Evaluation#

Synthesized contains a variety of methods that can be used to assess the quality and utility of the generated synthetic data empirically and visually.

Univariate Metrics

KolmogorovSmirnovDistance()

Kolmogorov-Smirnov statistic between two continuous variables.

EarthMoversDistance()

Earth mover's distance (aka 1-Wasserstein distance) between two nominal variables.

Multivariate Metrics

CramersV()

Cramér's V correlation coefficient between nominal variables.

KendallTauCorrelation([max_p_value, ...])

Kendall's Tau correlation coefficient between ordinal variables.

CategoricalLogisticR2()

McFadden's pseudo R-squared coefficient between categorical and continuous variables.

SpearmanRhoCorrelation([max_p_value])

Spearman's rank correlation coefficient between ordinal variables.

Modelling Metrics

predictive_modelling_score(data, y_label, ...)

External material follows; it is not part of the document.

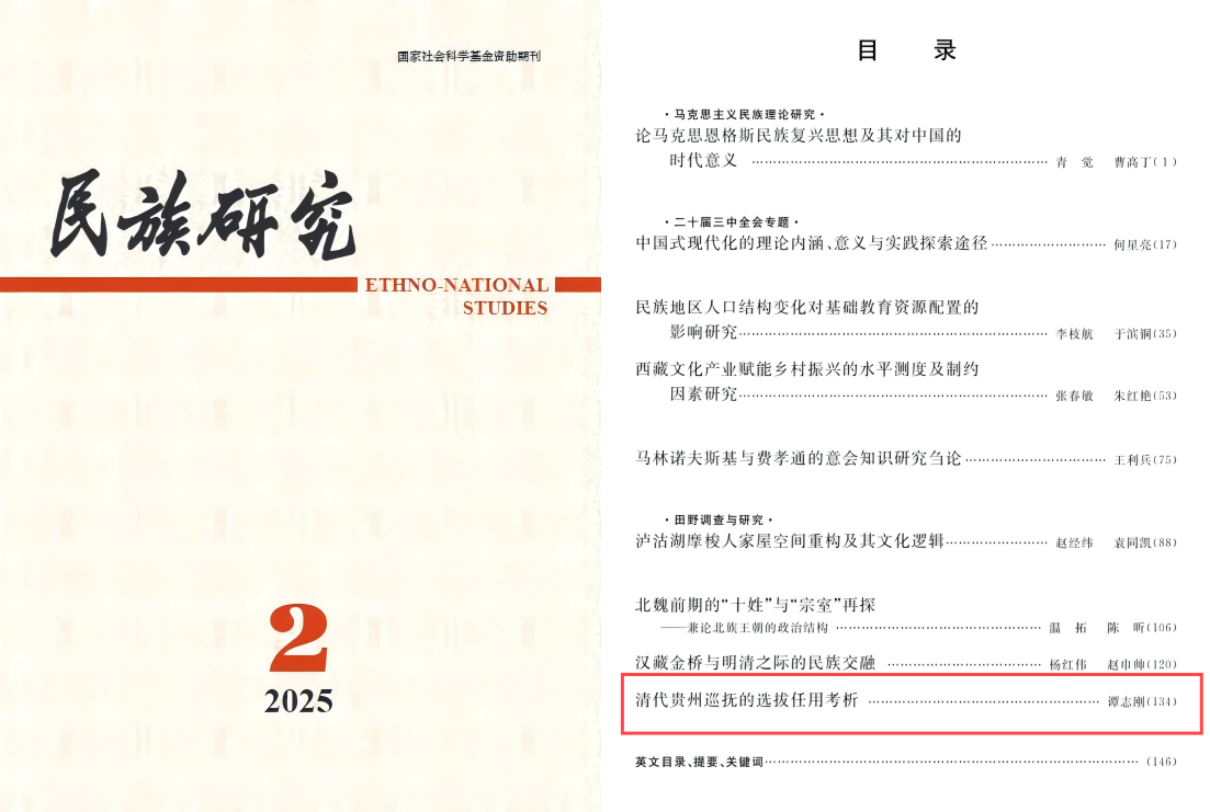 日前,我校学科建设办公室谭志刚副教授在《民族研究》2025年第2期发表学术论文《清代贵州巡抚的选拔任用考析》,该文是依托国家社会科学基金中国历史研究院重大历史问题研究专项“清代大一统国家边疆民族治理对中华民族共同体的形塑研究”取得的标志性阶段成果。

Calculates the R-squared or ROC AUC score of a given model trained on a given dataset.

predictive_modelling_comparison(data, ...[, ...])

Compare the R-squared or ROC AUC score of a model trained on original data and synthetic data, and tested on hold-out sample of original data.

Plotting & Analysis

Assessor(df_meta)

A universal set of utilities that let you to assess the quality of synthetic against original data.